India AI power distribution loss

The government of India is planning to use artificial intelligence solutions to tackle the emerging challenge of power distribution losses across the country. 

The government is now reaching out to major information technology companies and startups to help them develop AI-enabled solutions to handle this issue. 

This new development falls under the government’s Rs 3.03 lakh crore reform-based and result-linked scheme, with a corpus of Rs 4 crore sanctioned for the first year by the electricity ministry. 

Read More: Lawmakers Warn Clearview AI Could End Public Anonymity

Distribution loss is one of the most prevalent issues that India’s energy sector has been facing in recent years, and this initiative of the government would considerably help solve the problem. According to reports, the country witnessed a high transmission and distribution loss of more than 20% in 2019, one of the world’s highest. 

Power Secretary Alok Kumar said, “Huge data will be thrown up when we implement smart meters in a time-bound manner. We are conscious that this data should be analyzed intelligently in a way that it leads to good actionable points for the utility managers and for the policymakers.” 

He further added that the average distribution loss in India is 20%. However, many utilities experience losses of 40-45 percent, with a few companies losing more than 50%. 

According to the government, the developer of the solution will leverage technologies including artificial intelligence, machine learning, and IoT to analyze data made available through consumer, transformer, and feeder metering. 

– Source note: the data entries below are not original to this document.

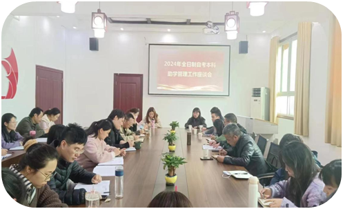 2024年3月25日,必赢3003no1线路检测中心召集助学机构负责人及机构全体工作人员就加强自考助学项目规范与发展召开座谈会,院长厉阳春出席座谈会。
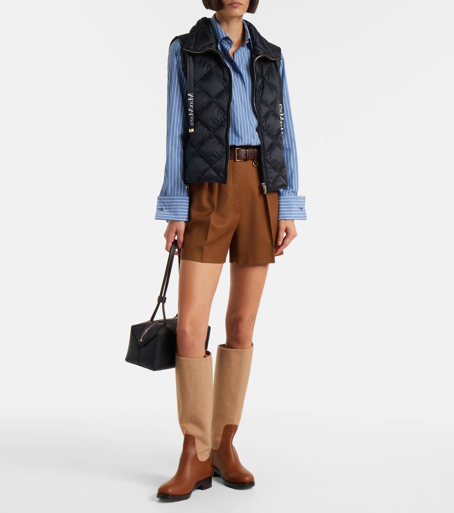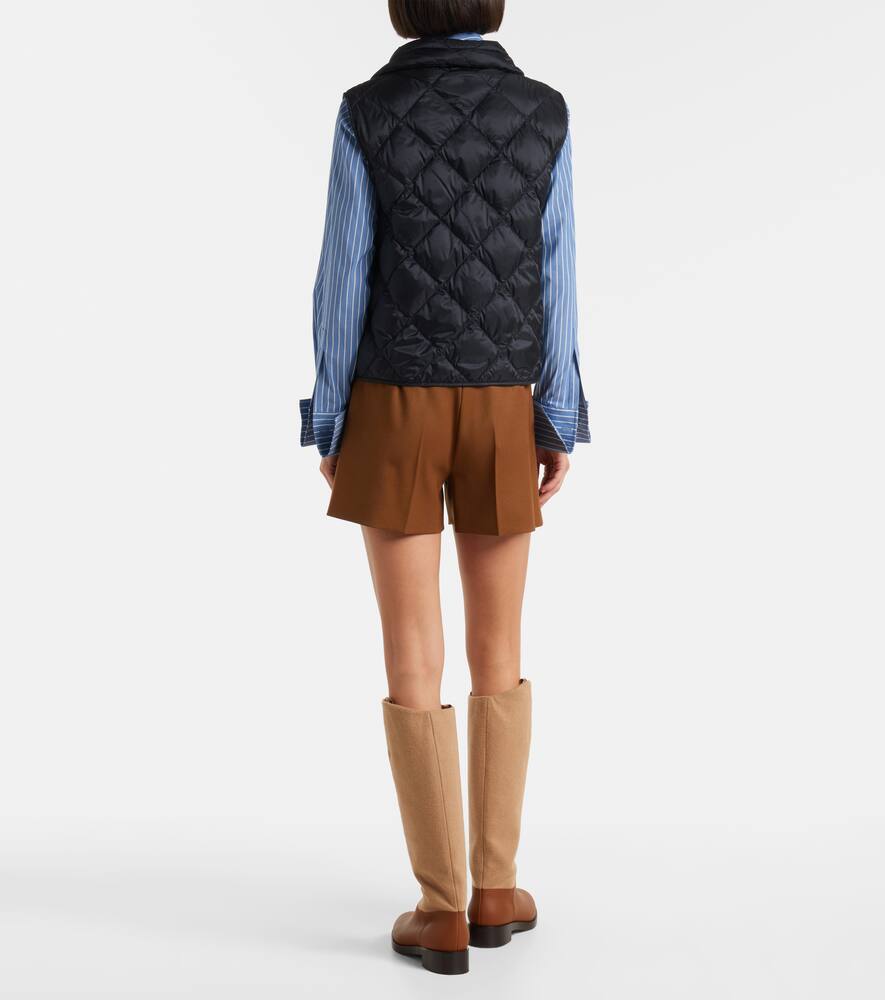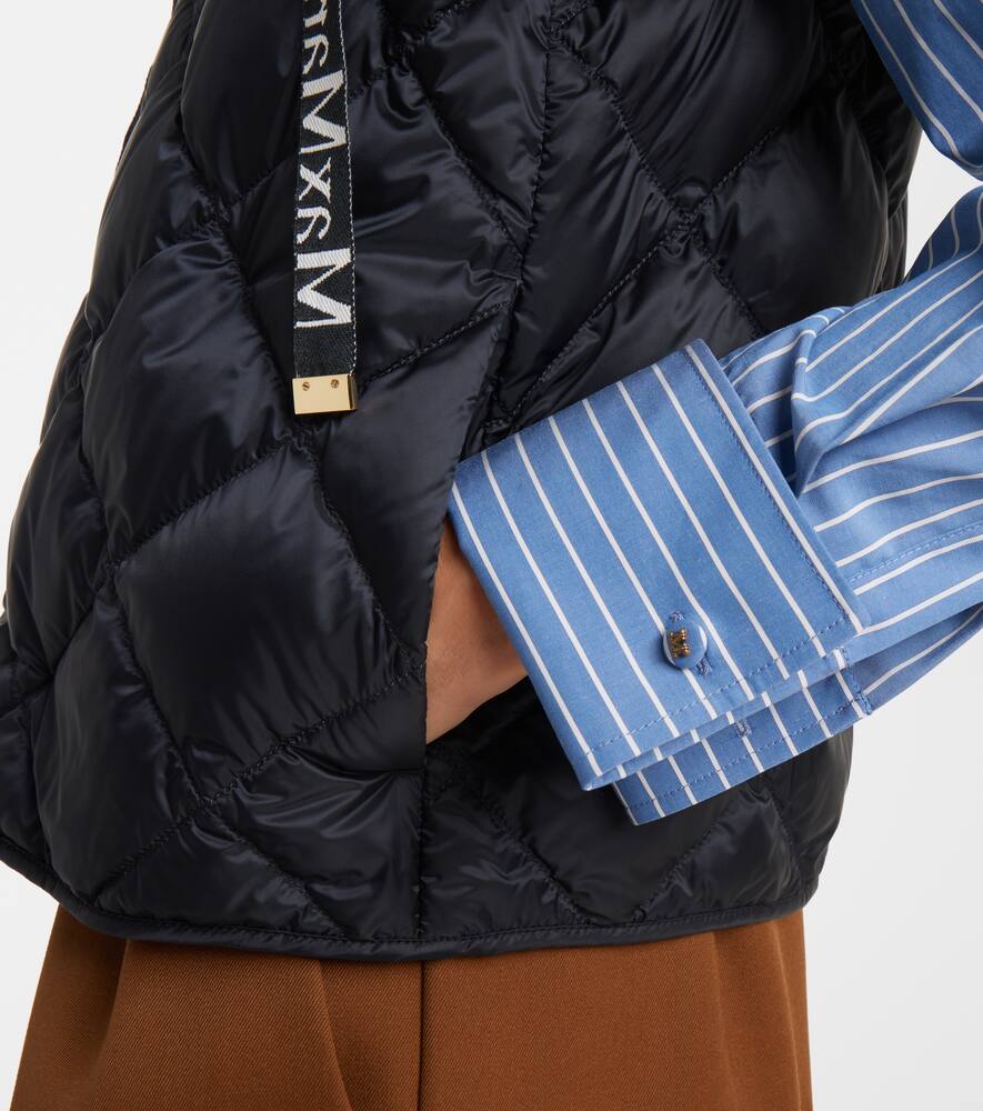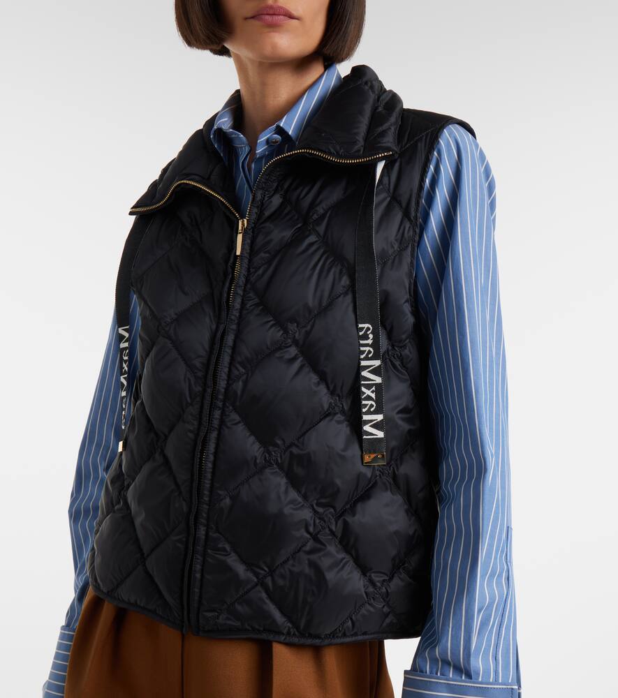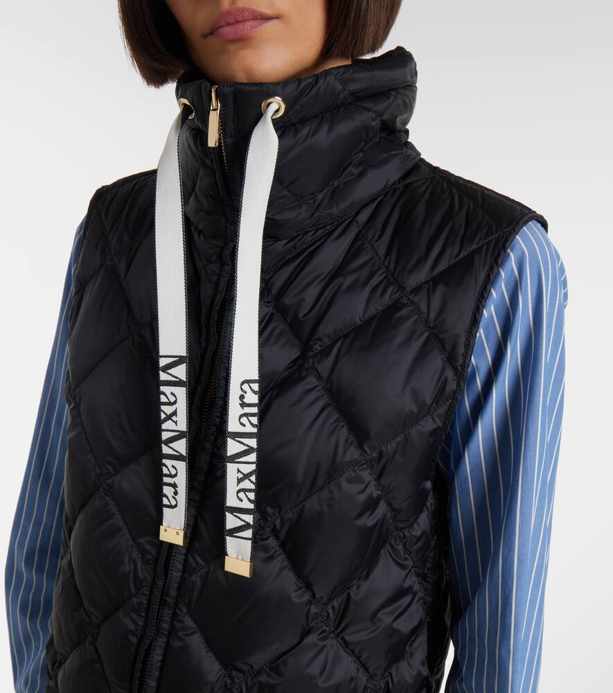 Жилет Tregic с ромбовидной стёжкой от Max Mara выполнен из водоотталкивающего, мерцающего нейлонового полотна. Модель застёгивается на молнию, имеет высокий воротник на шнурке, боковые карманы и фирменные полоски с логотипом.
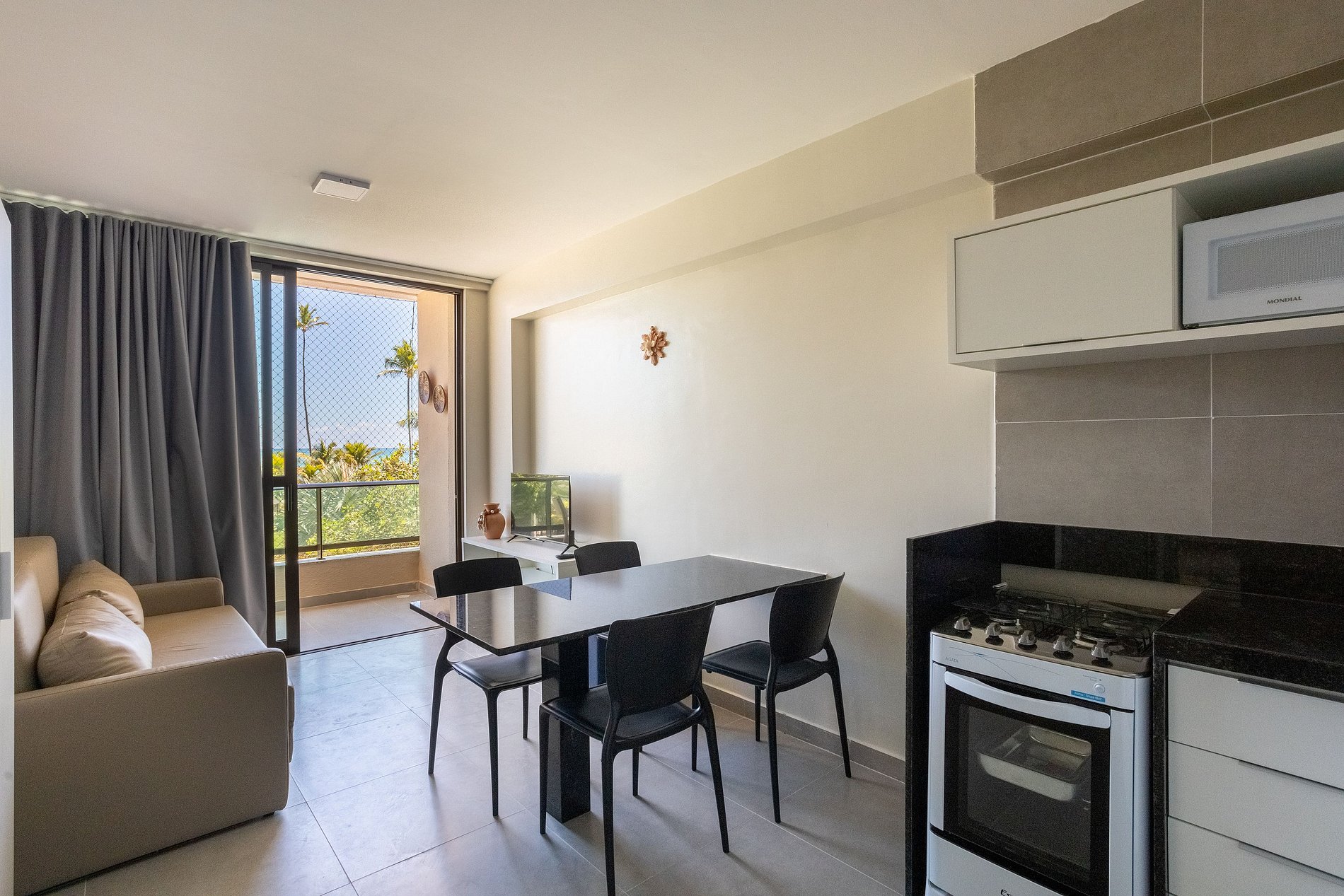 O apartamento possui todos os utensílios necessários para que você não precise se preocupar, inclusive enxoval de cama e banho. Você também encontrará ar condicionado split no quarto.
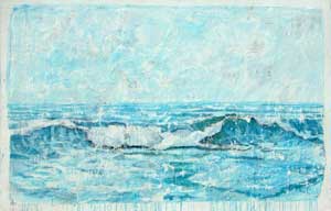 In Seascape # 2, light and air fill the picture plane, creating a snow-like quality in the layered blue and plaster washes, taking turns with transparencies and opacities. Pieces of paint lie in impressionist-like application, although inspired by value and tone rather than color. From a distance, the image weaves itself together, transcending the play on texture. The overall effect is one of elegance and grandeur.

The government plans to select multiple technology providers, companies, and startups to tackle the power distribution issue in the country. A government official said, “Increased technology interventions will aid in facilitating operational and financial sustainability of the distribution companies.” 

The government will allow the selected companies to make judgments on loss reduction, demand forecasting, differential tariff in a day, and renewable energy integration using innovative technologies.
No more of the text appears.